### Your goal
Find "midnight blue wool" below and begin at its line; stop after the line with "7 października  obchodziliśmy". Output those lines exactly, without pictures.

### Provided data
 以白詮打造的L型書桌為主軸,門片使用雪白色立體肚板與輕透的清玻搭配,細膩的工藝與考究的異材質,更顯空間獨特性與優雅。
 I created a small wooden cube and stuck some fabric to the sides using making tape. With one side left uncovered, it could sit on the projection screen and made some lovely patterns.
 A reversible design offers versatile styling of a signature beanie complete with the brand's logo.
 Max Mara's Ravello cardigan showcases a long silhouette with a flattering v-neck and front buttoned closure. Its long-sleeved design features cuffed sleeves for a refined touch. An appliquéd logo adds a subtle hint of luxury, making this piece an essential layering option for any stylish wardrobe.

==

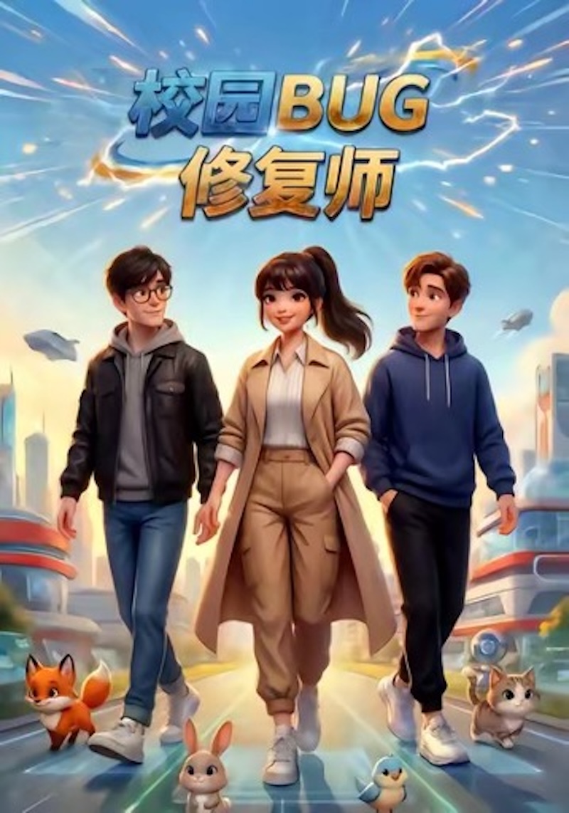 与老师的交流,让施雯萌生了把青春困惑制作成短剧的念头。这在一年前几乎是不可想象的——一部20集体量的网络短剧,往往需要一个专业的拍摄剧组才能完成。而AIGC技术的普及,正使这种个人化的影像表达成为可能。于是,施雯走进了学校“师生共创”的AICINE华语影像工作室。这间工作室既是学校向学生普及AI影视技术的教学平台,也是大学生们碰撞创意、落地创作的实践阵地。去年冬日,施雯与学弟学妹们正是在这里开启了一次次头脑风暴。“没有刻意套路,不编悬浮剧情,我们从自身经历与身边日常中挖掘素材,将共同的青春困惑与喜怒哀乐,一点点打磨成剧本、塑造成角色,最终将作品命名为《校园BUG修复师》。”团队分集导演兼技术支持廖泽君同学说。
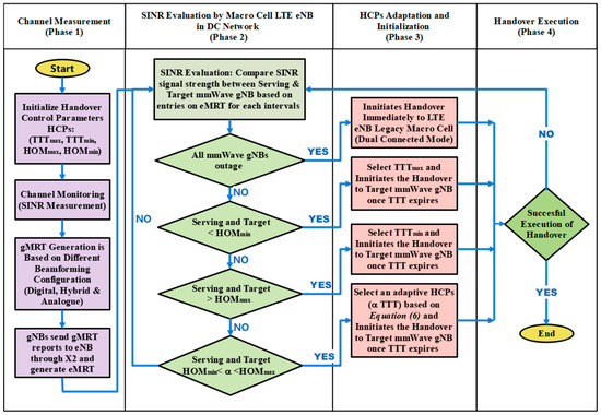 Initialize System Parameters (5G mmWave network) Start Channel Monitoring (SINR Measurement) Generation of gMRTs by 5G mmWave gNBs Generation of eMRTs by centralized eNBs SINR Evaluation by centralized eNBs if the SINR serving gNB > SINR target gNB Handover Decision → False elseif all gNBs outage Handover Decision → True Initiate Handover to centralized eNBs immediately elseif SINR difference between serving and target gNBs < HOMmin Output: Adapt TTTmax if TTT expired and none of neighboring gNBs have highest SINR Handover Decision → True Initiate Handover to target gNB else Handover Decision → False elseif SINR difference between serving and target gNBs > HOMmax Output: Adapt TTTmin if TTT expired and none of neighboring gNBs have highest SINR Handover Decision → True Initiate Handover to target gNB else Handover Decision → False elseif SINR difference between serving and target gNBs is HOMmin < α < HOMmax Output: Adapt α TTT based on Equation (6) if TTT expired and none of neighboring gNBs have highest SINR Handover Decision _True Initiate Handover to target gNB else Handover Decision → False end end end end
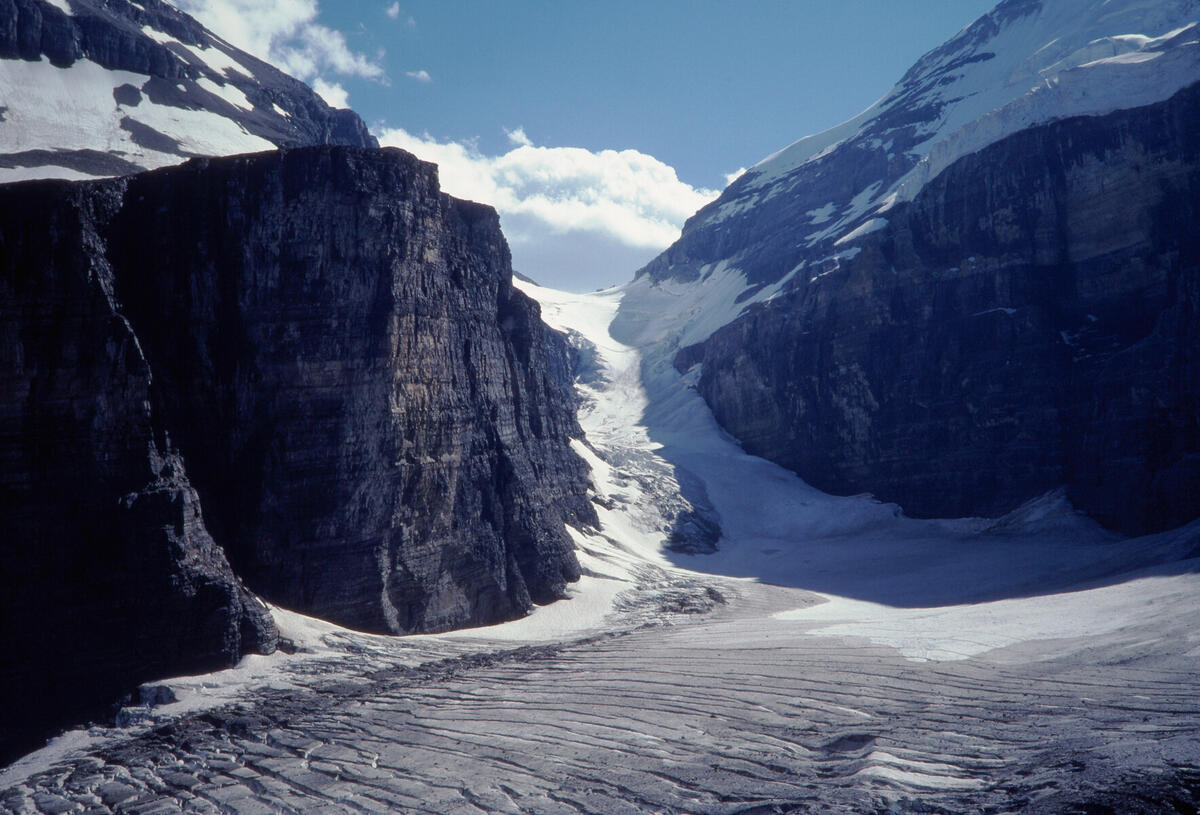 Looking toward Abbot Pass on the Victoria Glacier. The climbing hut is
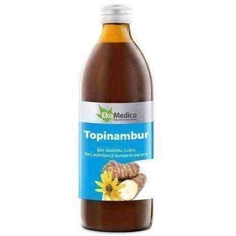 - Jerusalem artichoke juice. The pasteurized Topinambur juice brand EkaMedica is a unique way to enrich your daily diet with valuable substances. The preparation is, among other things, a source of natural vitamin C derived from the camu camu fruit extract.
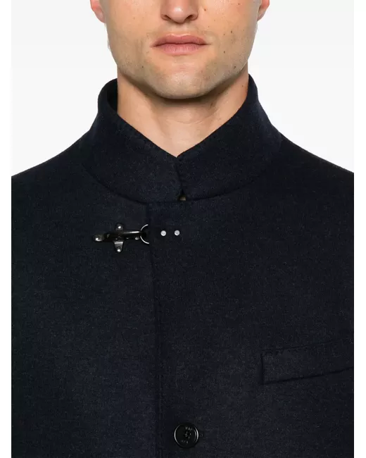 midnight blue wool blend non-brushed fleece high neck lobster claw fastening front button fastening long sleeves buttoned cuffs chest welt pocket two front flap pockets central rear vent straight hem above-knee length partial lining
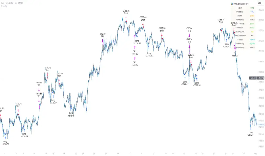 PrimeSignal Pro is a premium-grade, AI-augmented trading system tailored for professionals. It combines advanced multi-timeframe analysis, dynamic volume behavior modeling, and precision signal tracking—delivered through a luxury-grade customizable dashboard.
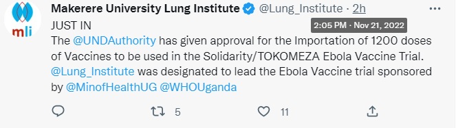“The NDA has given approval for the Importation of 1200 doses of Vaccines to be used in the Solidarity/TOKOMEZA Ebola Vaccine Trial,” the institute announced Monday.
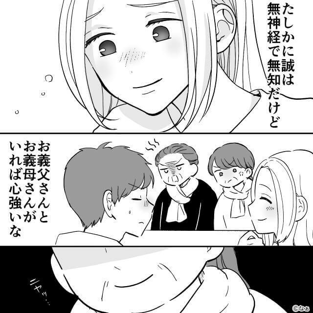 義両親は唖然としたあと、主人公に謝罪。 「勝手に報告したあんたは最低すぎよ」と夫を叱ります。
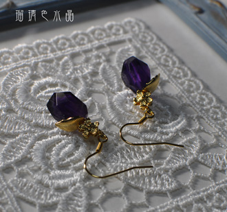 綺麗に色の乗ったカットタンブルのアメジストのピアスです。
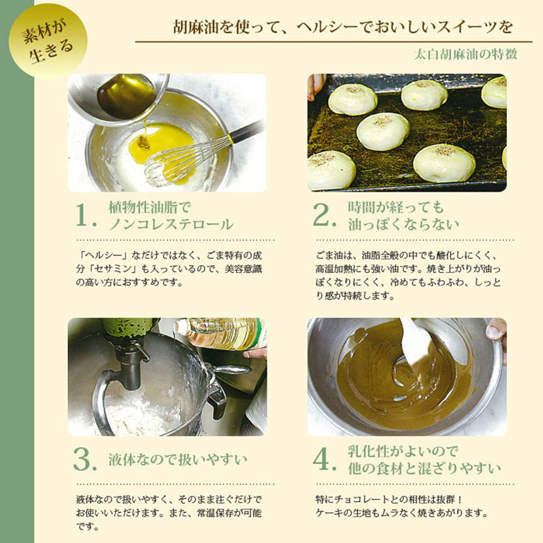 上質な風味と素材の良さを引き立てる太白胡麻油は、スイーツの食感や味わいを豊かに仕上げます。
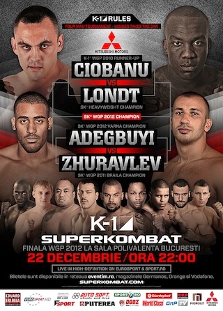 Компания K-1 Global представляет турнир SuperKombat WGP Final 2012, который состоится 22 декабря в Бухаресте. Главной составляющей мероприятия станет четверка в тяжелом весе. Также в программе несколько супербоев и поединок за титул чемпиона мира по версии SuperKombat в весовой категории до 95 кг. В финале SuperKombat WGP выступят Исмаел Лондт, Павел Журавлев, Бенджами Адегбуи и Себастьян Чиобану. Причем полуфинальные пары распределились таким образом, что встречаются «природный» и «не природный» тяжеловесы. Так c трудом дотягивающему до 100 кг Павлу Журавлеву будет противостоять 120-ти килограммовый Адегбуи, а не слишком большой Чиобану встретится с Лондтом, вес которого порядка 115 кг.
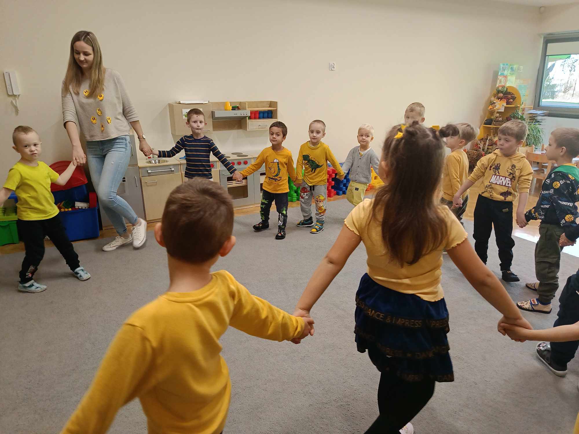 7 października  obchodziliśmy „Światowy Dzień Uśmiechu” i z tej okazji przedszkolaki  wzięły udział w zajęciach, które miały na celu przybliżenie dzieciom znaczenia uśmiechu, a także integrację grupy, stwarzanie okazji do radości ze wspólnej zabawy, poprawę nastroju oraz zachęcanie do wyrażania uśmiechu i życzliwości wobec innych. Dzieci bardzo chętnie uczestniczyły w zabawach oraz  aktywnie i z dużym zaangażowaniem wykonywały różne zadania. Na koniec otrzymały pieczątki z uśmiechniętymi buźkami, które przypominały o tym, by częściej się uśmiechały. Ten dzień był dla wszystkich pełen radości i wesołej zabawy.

### Written response
 midnight blue wool blend non-brushed fleece high neck lobster claw fastening front button fastening long sleeves buttoned cuffs chest welt pocket two front flap pockets central rear vent straight hem above-knee length partial lining
 PrimeSignal Pro is a premium-grade, AI-augmented trading system tailored for professionals. It combines advanced multi-timeframe analysis, dynamic volume behavior modeling, and precision signal tracking—delivered through a luxury-grade customizable dashboard.
“The NDA has given approval for the Importation of 1200 doses of Vaccines to be used in the Solidarity/TOKOMEZA Ebola Vaccine Trial,” the institute announced Monday.
 義両親は唖然としたあと、主人公に謝罪。 「勝手に報告したあんたは最低すぎよ」と夫を叱ります。
 綺麗に色の乗ったカットタンブルのアメジストのピアスです。
 上質な風味と素材の良さを引き立てる太白胡麻油は、スイーツの食感や味わいを豊かに仕上げます。
 Компания K-1 Global представляет турнир SuperKombat WGP Final 2012, который состоится 22 декабря в Бухаресте. Главной составляющей мероприятия станет четверка в тяжелом весе. Также в программе несколько супербоев и поединок за титул чемпиона мира по версии SuperKombat в весовой категории до 95 кг. В финале SuperKombat WGP выступят Исмаел Лондт, Павел Журавлев, Бенджами Адегбуи и Себастьян Чиобану. Причем полуфинальные пары распределились таким образом, что встречаются «природный» и «не природный» тяжеловесы. Так c трудом дотягивающему до 100 кг Павлу Журавлеву будет противостоять 120-ти килограммовый Адегбуи, а не слишком большой Чиобану встретится с Лондтом, вес которого порядка 115 кг.
 7 października  obchodziliśmy „Światowy Dzień Uśmiechu” i z tej okazji przedszkolaki  wzięły udział w zajęciach, które miały na celu przybliżenie dzieciom znaczenia uśmiechu, a także integrację grupy, stwarzanie okazji do radości ze wspólnej zabawy, poprawę nastroju oraz zachęcanie do wyrażania uśmiechu i życzliwości wobec innych. Dzieci bardzo chętnie uczestniczyły w zabawach oraz  aktywnie i z dużym zaangażowaniem wykonywały różne zadania. Na koniec otrzymały pieczątki z uśmiechniętymi buźkami, które przypominały o tym, by częściej się uśmiechały. Ten dzień był dla wszystkich pełen radości i wesołej zabawy.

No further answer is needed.